BEGIN

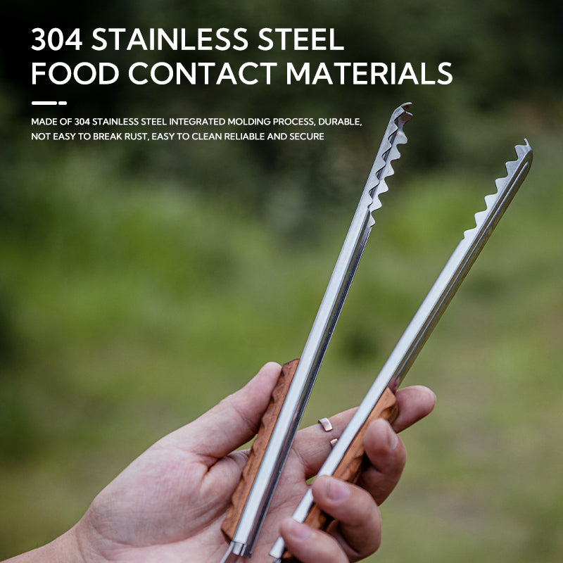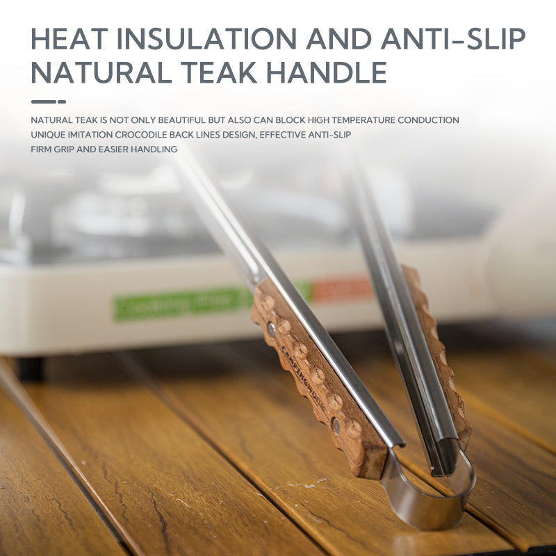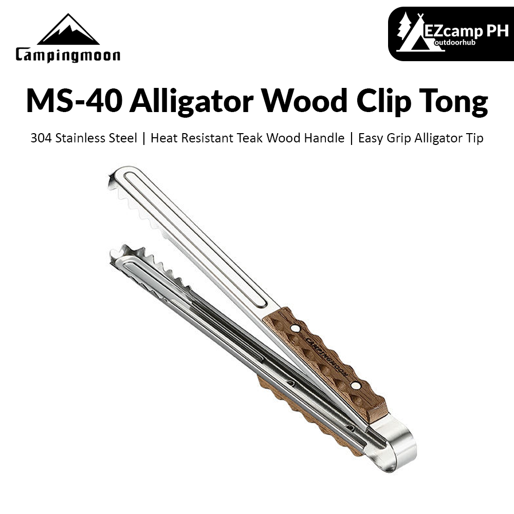 Campingmoon MS-40 Alligator Wood Clip Outdoor BBQ Grill Stainless Steel Tong Premium Teak Wood Heat Resistant Handle Camping Picnic Charcoal Grilling Equipment Utensil Camping Moon
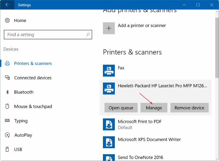 - Haga clic en la impresora a la que desea cambiarle el nombre y luego haga clic en el botón Administrar
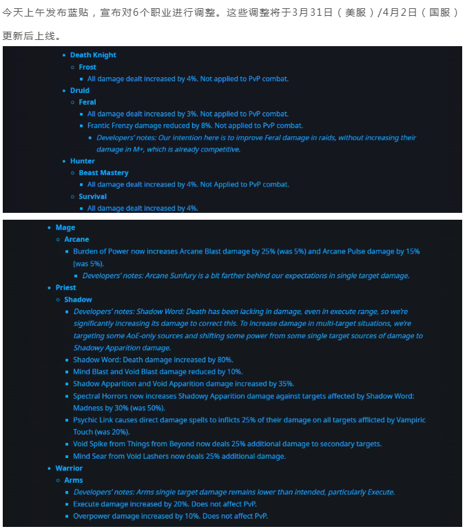 魔兽世界:将于4月2日到来的职业调整,6个职业7个专精有调整
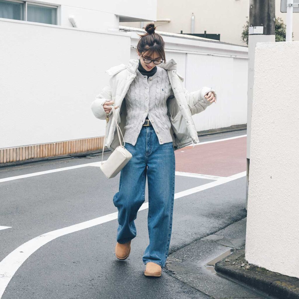 人混みや待ち時間で冷えがちな初詣は、寒さ対策も見映えも抜かりなく。ラフになりがちなデニムも、淡い色のダウン×カーデで揃えれば清潔感のある冬コーデに導けます。お団子ヘアにメガネを合わせた、抜け感と知的さのバランスが絶妙。

END

## About this task
Once the pictures are set aside, output all of the data above verbatim.

## Answer space
 Campingmoon MS-40 Alligator Wood Clip Outdoor BBQ Grill Stainless Steel Tong Premium Teak Wood Heat Resistant Handle Camping Picnic Charcoal Grilling Equipment Utensil Camping Moon
 - Haga clic en la impresora a la que desea cambiarle el nombre y luego haga clic en el botón Administrar
 魔兽世界:将于4月2日到来的职业调整,6个职业7个专精有调整
 人混みや待ち時間で冷えがちな初詣は、寒さ対策も見映えも抜かりなく。ラフになりがちなデニムも、淡い色のダウン×カーデで揃えれば清潔感のある冬コーデに導けます。お団子ヘアにメガネを合わせた、抜け感と知的さのバランスが絶妙。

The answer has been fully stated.